Date/Time
This training is not sponsored by the Anne Arundel County Mental Health Agency
2 CEs
Eating disorders are among the most serious and least understood psychiatric conditions in clinical practice. Despite high prevalence, significant mortality, and well-documented barriers to treatment, most mental health clinicians receive limited training in eating disorder recognition, differential diagnosis, and referral. This training addresses that gap directly.
Participants will examine the scope and impact of eating disorders in the U.S. population, including prevalence data, mortality rates, and the psychosocial factors that shape risk. The course provides a comprehensive review of DSM-5-TR feeding and eating disorder diagnoses — including anorexia nervosa, bulimia nervosa, binge eating disorder, ARFID, OSFED, UFED, pica, and rumination disorder — with attention to medical consequences and the clinical presentations clinicians are most likely to encounter.

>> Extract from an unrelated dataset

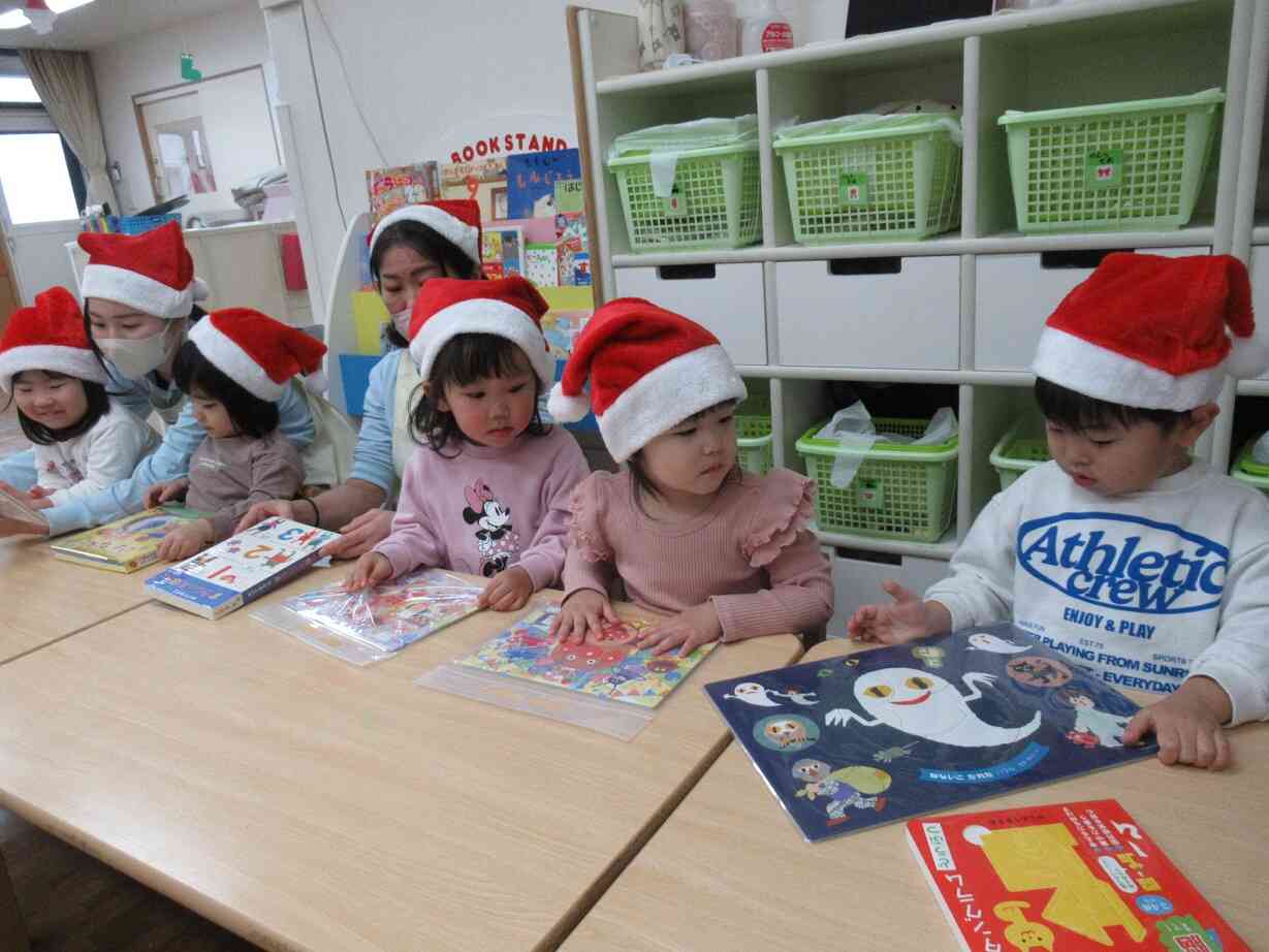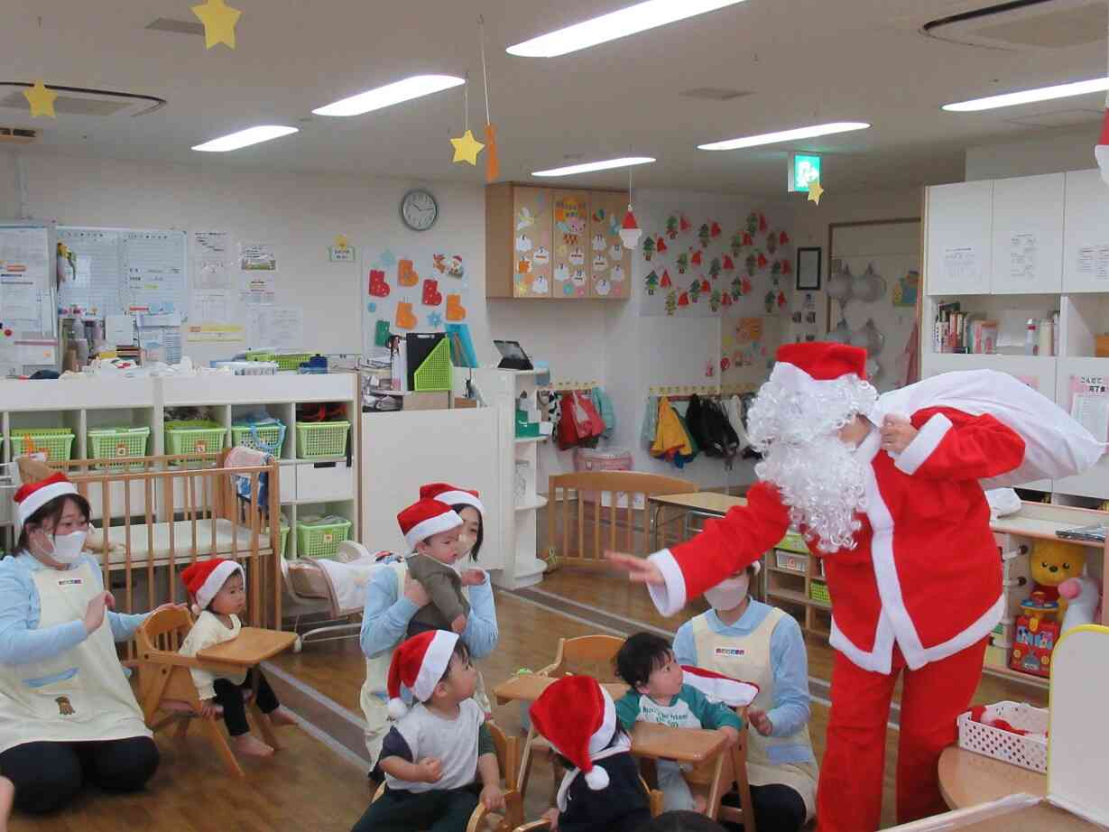 今年は感染症の流行により、各クラスごとでの開催となりましたが、皆でサンタさんの帽子をかぶり、小さなサンタさんになりきってクリスマスをお祝いしました☆

Beyond the diagnostic criteria, the training explores the psychological features common across eating disorders, the role of co-occurring psychiatric conditions, and the clinical implications of diagnostic crossover. It also examines how trauma and neurobiology inform both presentation and treatment engagement. The session concludes with practical guidance on validated screening tools, referral decision-making, levels of care, and what the evidence shows about recovery.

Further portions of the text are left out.